One of the ways this is described metaphorically is called the “butterfly effect.” The idea is that a butterfly, flapping its wings in Asia can change the weather pattern over North America several months later.
So even if an entire physical system obeys all the physical laws, and codify all those laws, one can never measure the initial state of a system with such precision and accuracy that one can predict how it is going to become if the system is chaotic.
Learn more about magnetism and static electricity.
The Speed of Light
A more, rather prosaic limitation on what people can know is the speed of light.

To the best of one’s knowledge, the fastest any physical object can travel is just under about 186,000 miles per second. It means there are places in the universe where humans would never be able to go.
There are distant objects for which humans cannot possibly know what is happening to them at the present. People can only see them because they are as far away as they were in the past. It also means that humans can never travel backward in time, at least with present technologies and the present understanding of the physical universe.
In spite of these and other inherent limitations in the natural world, the methods of science absolutely, positively provide the most effective, the most powerful tool that we have for understanding and for modifying the physical world.
Common Questions about Factors Preventing Scientific Questions from Being Answered
In case of an experimental error, all measurements, no matter how accurate or how carefully done, contain some error.

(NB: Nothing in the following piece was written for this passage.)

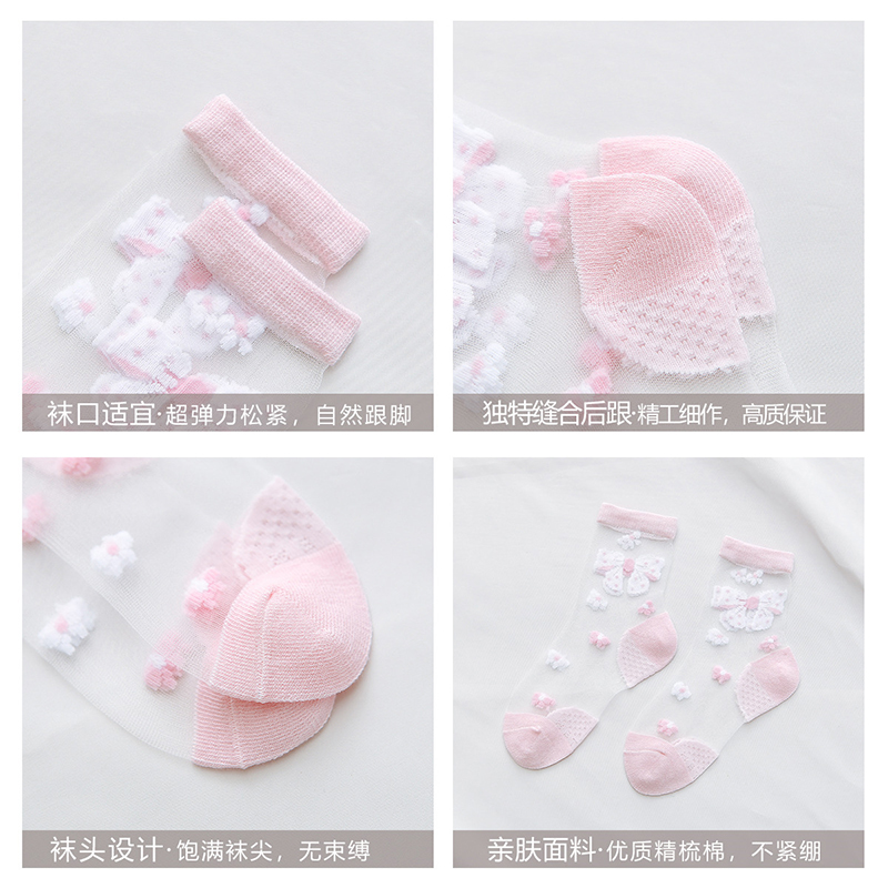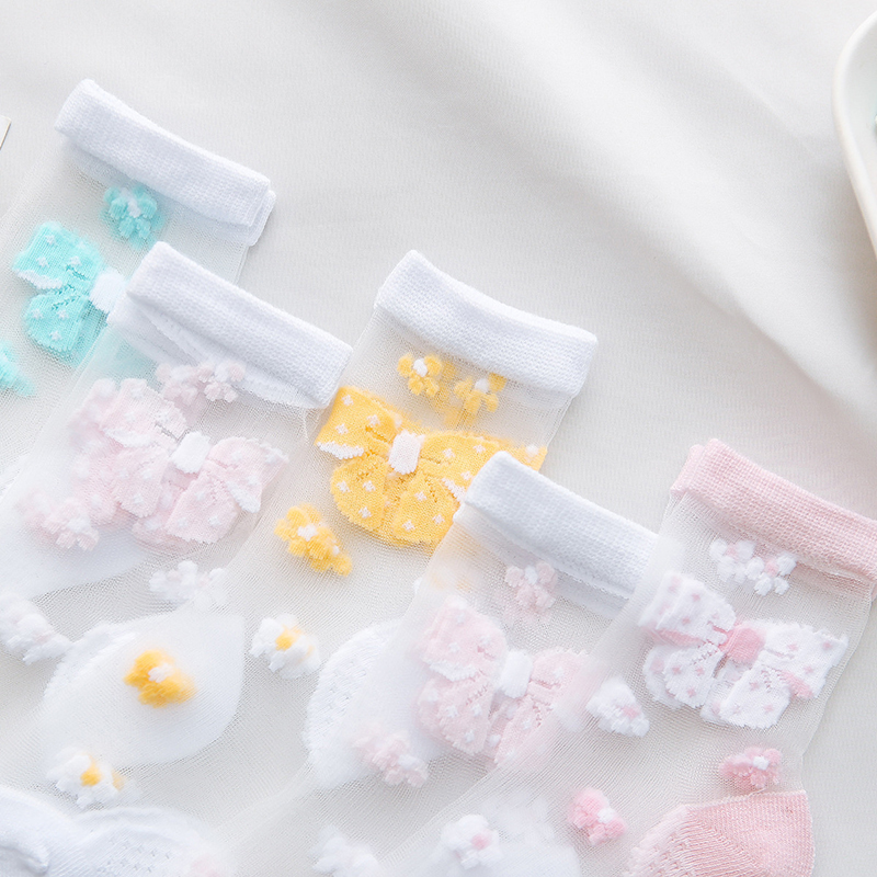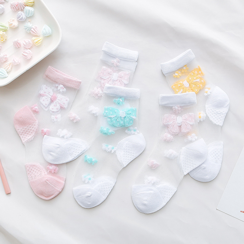 Bowknot style (5 pairs) Mixed color lace socks (5 pairs) Pure white lace socks (5 pairs) Strawberry style (5 pairs) Love style (5 pairs) Bunny crystal socks (5 pairs)

The scientific process is never-ending and there is always room for improvement in scientific experiments.
The uncertainty principle applies to the subatomic scale, where every measurement that one can conceive of making alters the thing that is being measured.
The fastest any physical object can travel is just under about 186,000 miles per second, which means there are places in the universe where humans would never be able to go. This would inadvertently prevent scientific questions from being answered.